##### EXTRACTED RECORDS
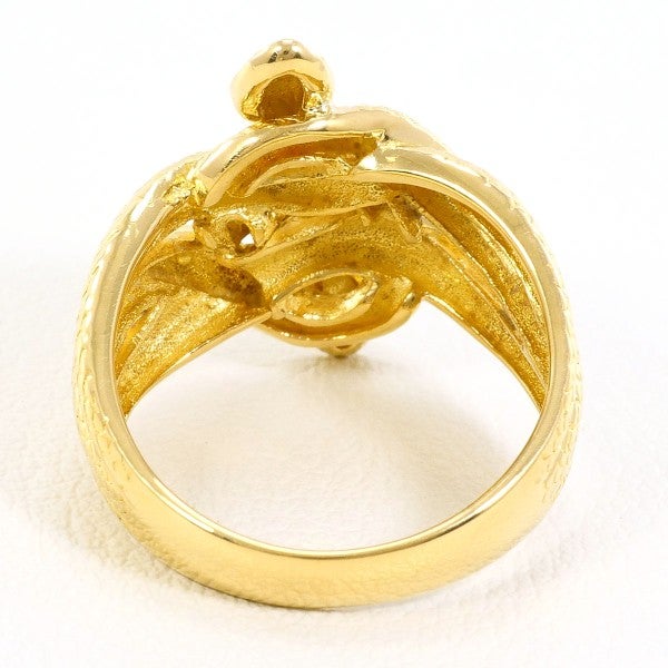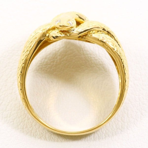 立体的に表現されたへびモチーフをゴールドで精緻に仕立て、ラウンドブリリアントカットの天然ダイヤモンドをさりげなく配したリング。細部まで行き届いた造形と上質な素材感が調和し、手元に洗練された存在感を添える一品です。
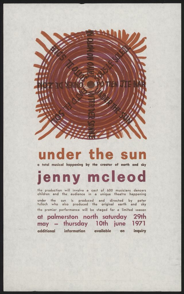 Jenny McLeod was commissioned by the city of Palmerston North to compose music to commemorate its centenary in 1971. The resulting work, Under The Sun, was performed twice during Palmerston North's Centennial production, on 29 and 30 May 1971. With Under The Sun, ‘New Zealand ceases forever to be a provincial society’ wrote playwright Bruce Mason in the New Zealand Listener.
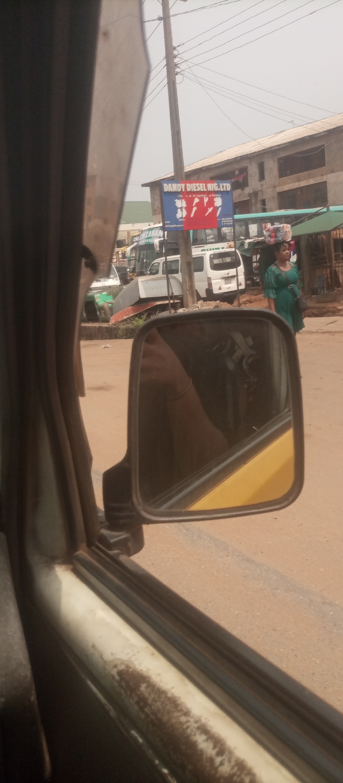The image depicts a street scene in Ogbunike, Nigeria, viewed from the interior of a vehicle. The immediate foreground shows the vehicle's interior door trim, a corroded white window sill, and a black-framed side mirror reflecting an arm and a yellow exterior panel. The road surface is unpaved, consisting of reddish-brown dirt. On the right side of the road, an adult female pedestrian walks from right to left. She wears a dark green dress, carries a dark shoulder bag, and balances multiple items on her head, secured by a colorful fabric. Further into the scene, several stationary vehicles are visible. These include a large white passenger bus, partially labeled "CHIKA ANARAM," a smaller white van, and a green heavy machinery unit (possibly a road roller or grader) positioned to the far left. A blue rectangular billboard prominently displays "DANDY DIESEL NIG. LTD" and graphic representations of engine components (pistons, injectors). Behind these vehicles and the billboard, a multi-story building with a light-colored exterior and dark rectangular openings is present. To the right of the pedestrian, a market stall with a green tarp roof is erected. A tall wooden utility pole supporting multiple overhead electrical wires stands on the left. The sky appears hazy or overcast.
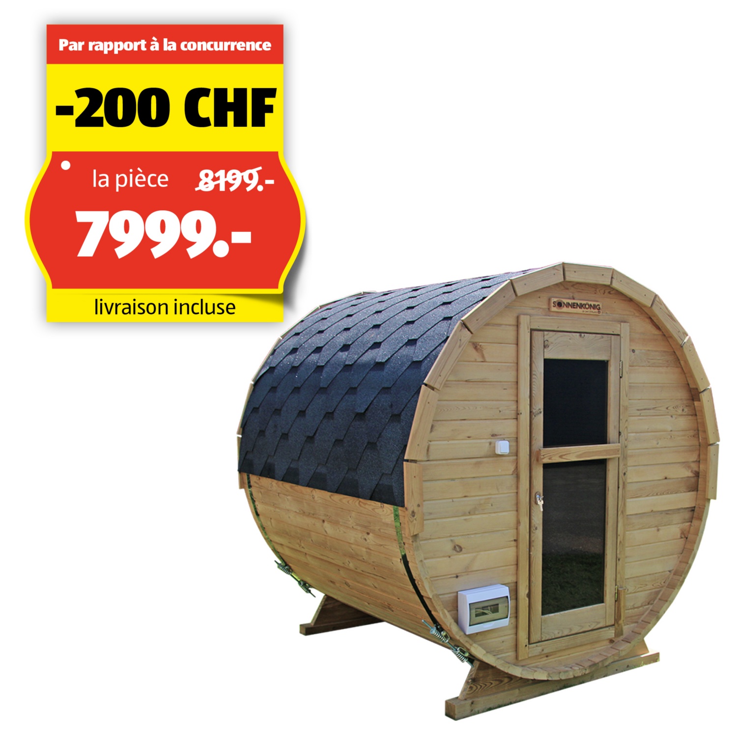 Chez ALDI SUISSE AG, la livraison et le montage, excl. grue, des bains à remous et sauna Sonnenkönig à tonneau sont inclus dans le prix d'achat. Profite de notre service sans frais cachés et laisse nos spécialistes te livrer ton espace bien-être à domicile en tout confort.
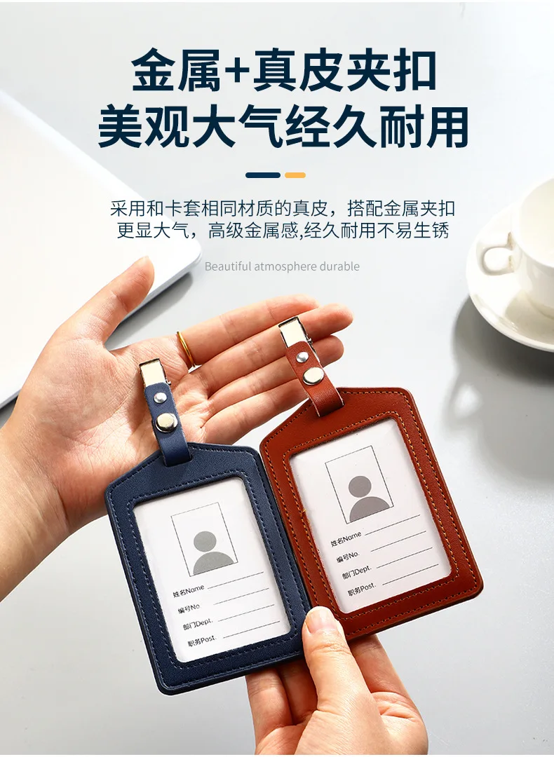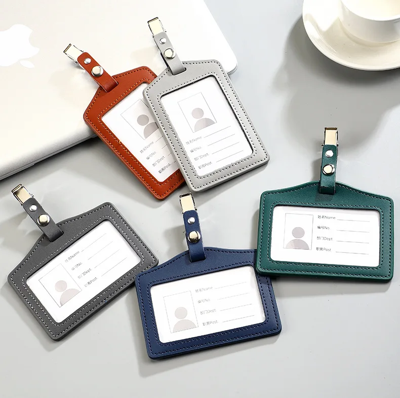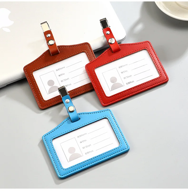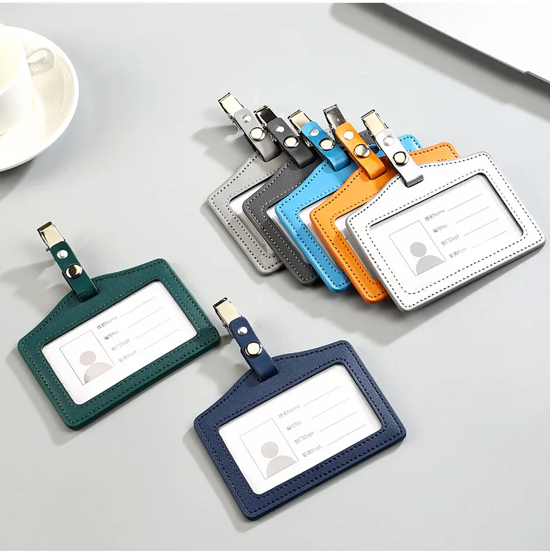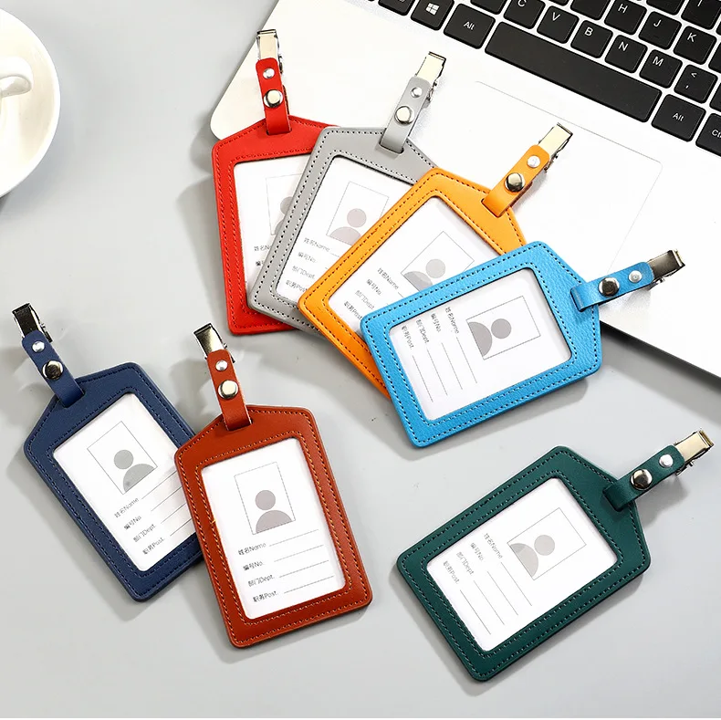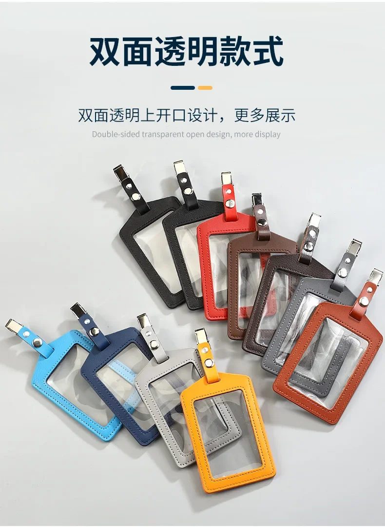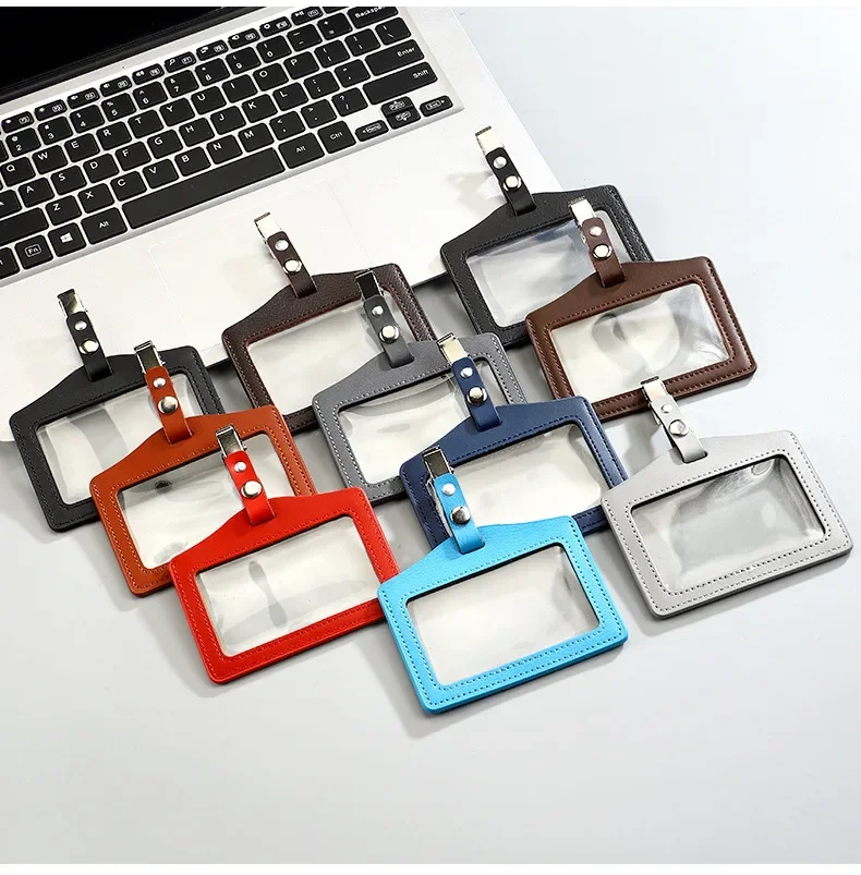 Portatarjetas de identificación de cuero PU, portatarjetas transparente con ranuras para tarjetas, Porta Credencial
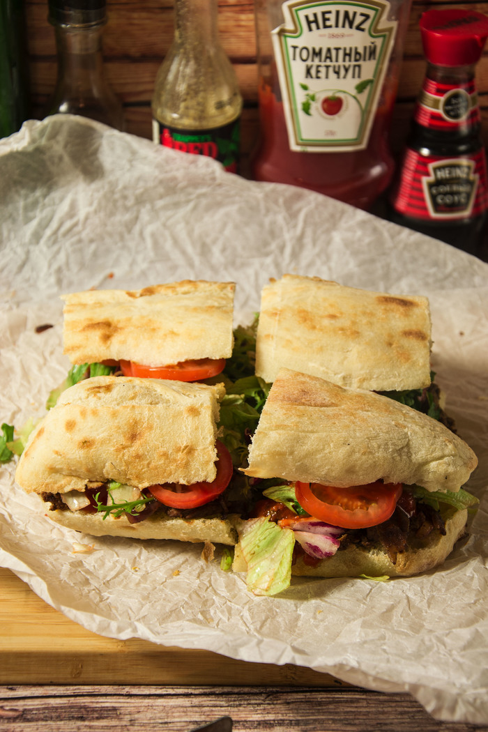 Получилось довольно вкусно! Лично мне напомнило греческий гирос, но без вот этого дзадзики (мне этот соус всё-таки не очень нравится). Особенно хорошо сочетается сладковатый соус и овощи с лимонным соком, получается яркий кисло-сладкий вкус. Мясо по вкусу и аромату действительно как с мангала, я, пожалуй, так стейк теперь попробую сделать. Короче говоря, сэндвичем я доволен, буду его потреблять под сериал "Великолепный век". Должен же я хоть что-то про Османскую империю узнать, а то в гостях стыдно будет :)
##########
EXERCISE GOAL: What is needed is an exact copy of the entries, without any images.

WRITTEN SOLUTION:
 立体的に表現されたへびモチーフをゴールドで精緻に仕立て、ラウンドブリリアントカットの天然ダイヤモンドをさりげなく配したリング。細部まで行き届いた造形と上質な素材感が調和し、手元に洗練された存在感を添える一品です。
 Jenny McLeod was commissioned by the city of Palmerston North to compose music to commemorate its centenary in 1971. The resulting work, Under The Sun, was performed twice during Palmerston North's Centennial production, on 29 and 30 May 1971. With Under The Sun, ‘New Zealand ceases forever to be a provincial society’ wrote playwright Bruce Mason in the New Zealand Listener.
The image depicts a street scene in Ogbunike, Nigeria, viewed from the interior of a vehicle. The immediate foreground shows the vehicle's interior door trim, a corroded white window sill, and a black-framed side mirror reflecting an arm and a yellow exterior panel. The road surface is unpaved, consisting of reddish-brown dirt. On the right side of the road, an adult female pedestrian walks from right to left. She wears a dark green dress, carries a dark shoulder bag, and balances multiple items on her head, secured by a colorful fabric. Further into the scene, several stationary vehicles are visible. These include a large white passenger bus, partially labeled "CHIKA ANARAM," a smaller white van, and a green heavy machinery unit (possibly a road roller or grader) positioned to the far left. A blue rectangular billboard prominently displays "DANDY DIESEL NIG. LTD" and graphic representations of engine components (pistons, injectors). Behind these vehicles and the billboard, a multi-story building with a light-colored exterior and dark rectangular openings is present. To the right of the pedestrian, a market stall with a green tarp roof is erected. A tall wooden utility pole supporting multiple overhead electrical wires stands on the left. The sky appears hazy or overcast.
 Chez ALDI SUISSE AG, la livraison et le montage, excl. grue, des bains à remous et sauna Sonnenkönig à tonneau sont inclus dans le prix d'achat. Profite de notre service sans frais cachés et laisse nos spécialistes te livrer ton espace bien-être à domicile en tout confort.
 Portatarjetas de identificación de cuero PU, portatarjetas transparente con ranuras para tarjetas, Porta Credencial
 Получилось довольно вкусно! Лично мне напомнило греческий гирос, но без вот этого дзадзики (мне этот соус всё-таки не очень нравится). Особенно хорошо сочетается сладковатый соус и овощи с лимонным соком, получается яркий кисло-сладкий вкус. Мясо по вкусу и аромату действительно как с мангала, я, пожалуй, так стейк теперь попробую сделать. Короче говоря, сэндвичем я доволен, буду его потреблять под сериал "Великолепный век". Должен же я хоть что-то про Османскую империю узнать, а то в гостях стыдно будет :)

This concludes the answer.